With the election of Jefferson and the repudiation of the Federalists in 1800, classical republicanism, with its focus on sacrifice and the common good and its distaste for overt luxury and greed, appeared to briefly reassert itself. The unilateral acquisition of Louisiana in 1803 was viewed by Jefferson as an important step in America’s realization of its “Manifest Destiny,” a way to ensure the proliferation of republican yeomen throughout North America. And the Embargo Act of 1808 hearkened back to the halcyon years leading up to the Revolution when virtuous citizens willingly sacrificed their interests for the good of the state.
Nevertheless, there was no turning back to the classical republicanism espoused by Aristotle, Polybius, Machiavelli, and their Enlightenment followers. The financial system established by Hamilton in the 1790s as well as the rise of manufacturing, again under the impetus of the Hamiltonian program, created, in the early 19th century, a society that could never completely return to the idealistic republican way of life lauded by classical authors and Jeffersonians.

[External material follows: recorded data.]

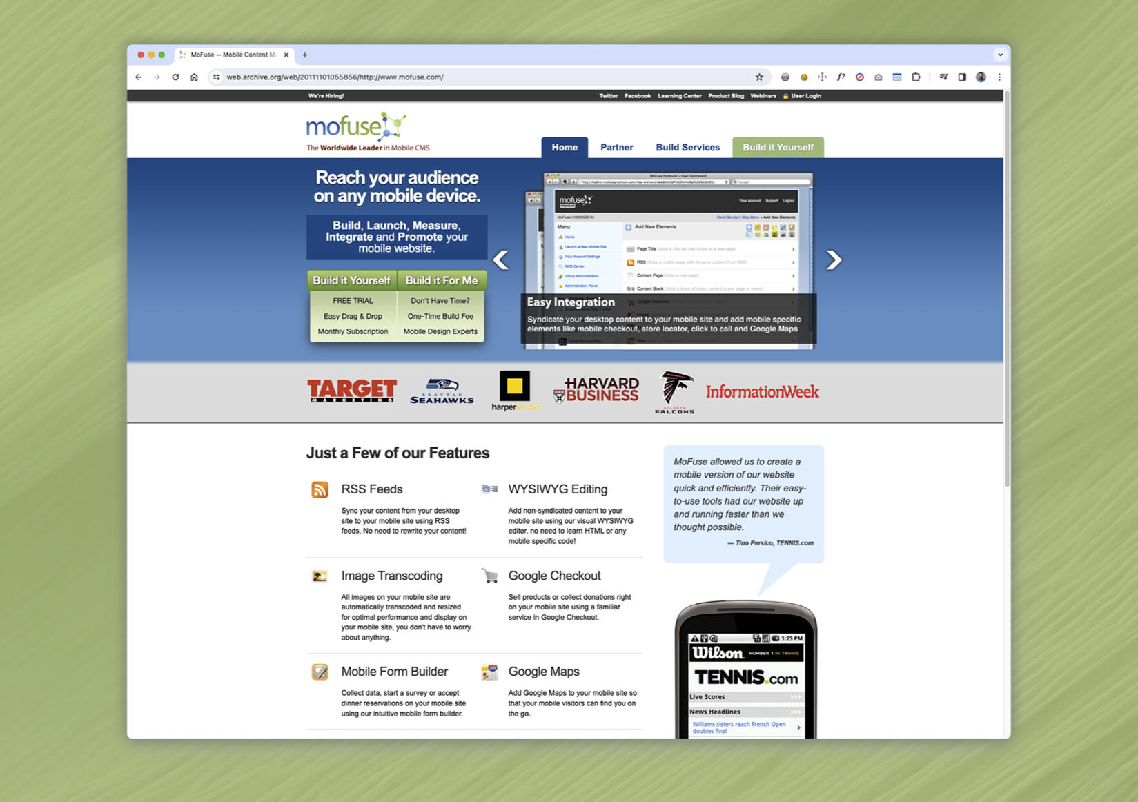 The MoFuse platform launched at the dawn of the iPhone era in 2007 and allowed anyone to quickly create a mobile app in just minutes using an intuitive drag-and-drop builder.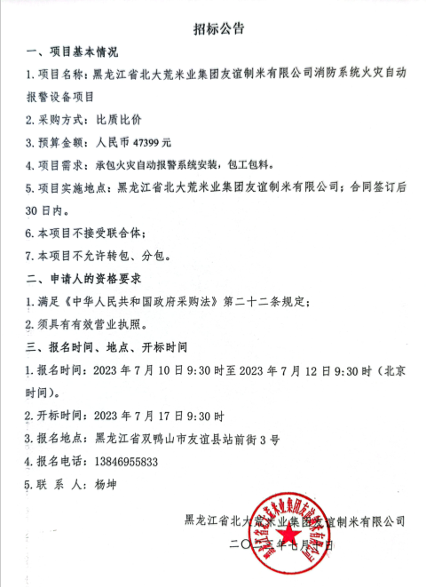 黑龍江省北大荒米業集團友誼制米有限公司消防系統火災自動報警設備招標公告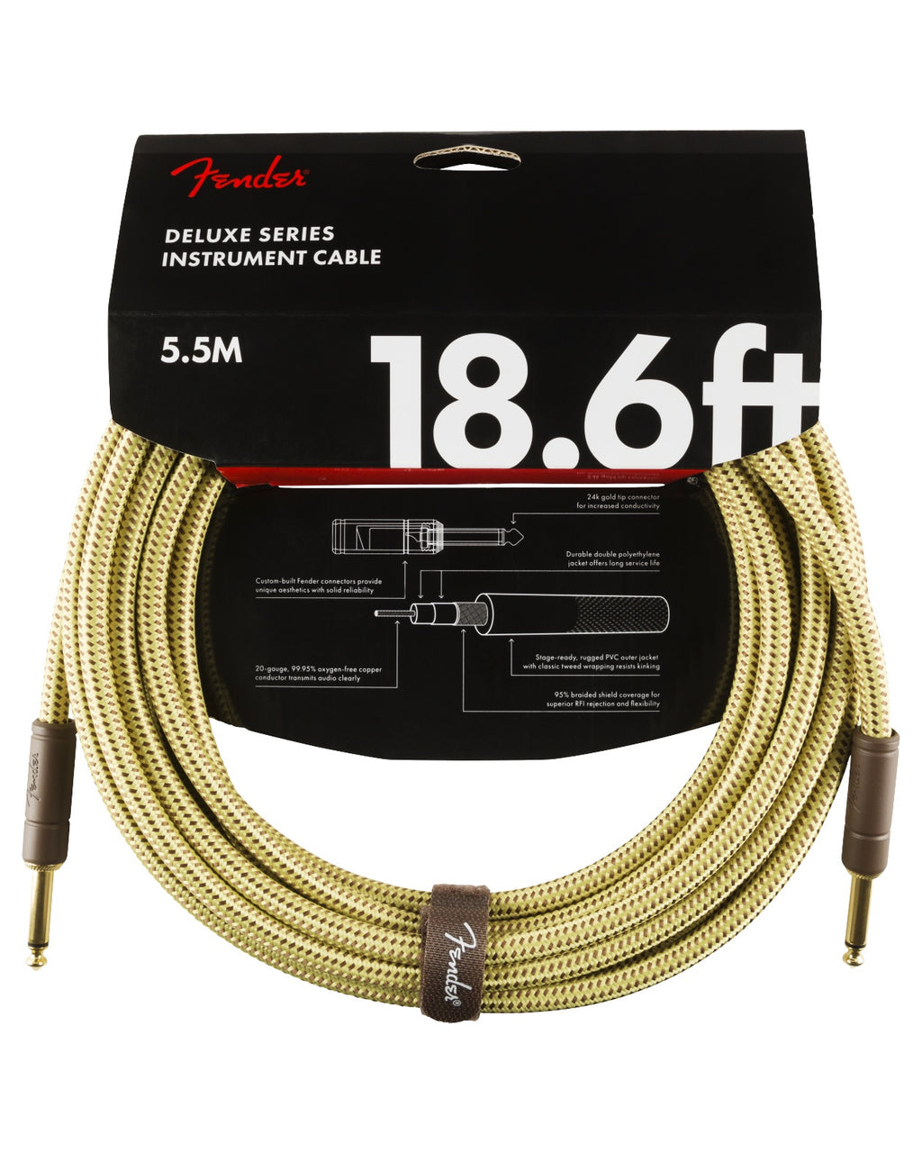 Fender Deluxe Series cables carry the highest quality materials and braided shielding to deliver flagship durability, conductance and transparency. Our top-of-the-line cables sport custom molded ends with strain relief under the housing - plus 24K gold-plated connectors that won't tarnish or degrade your sound over time. These cables use a very quiet braided shielding that is engineered to maximize the purity of your tone, and they're protected by a soft-woven yet rugged tweed jacket that provides ultimate protection with classic Fender style.

What one notes in post-Revolution America is a radically new way of viewing the relationship of men and society. The rights of the individual and the interests of society were now seen as being distinct and at times in conflict. Despite Americans’ willingness to sacrifice their own interests for the common good in times of crisis, the Lockean commitment to the happiness and well-being of the individual within a pluralistic society was to prevail, and it has remained a point of emphasis in American political discourse for the better part of the republic’s history.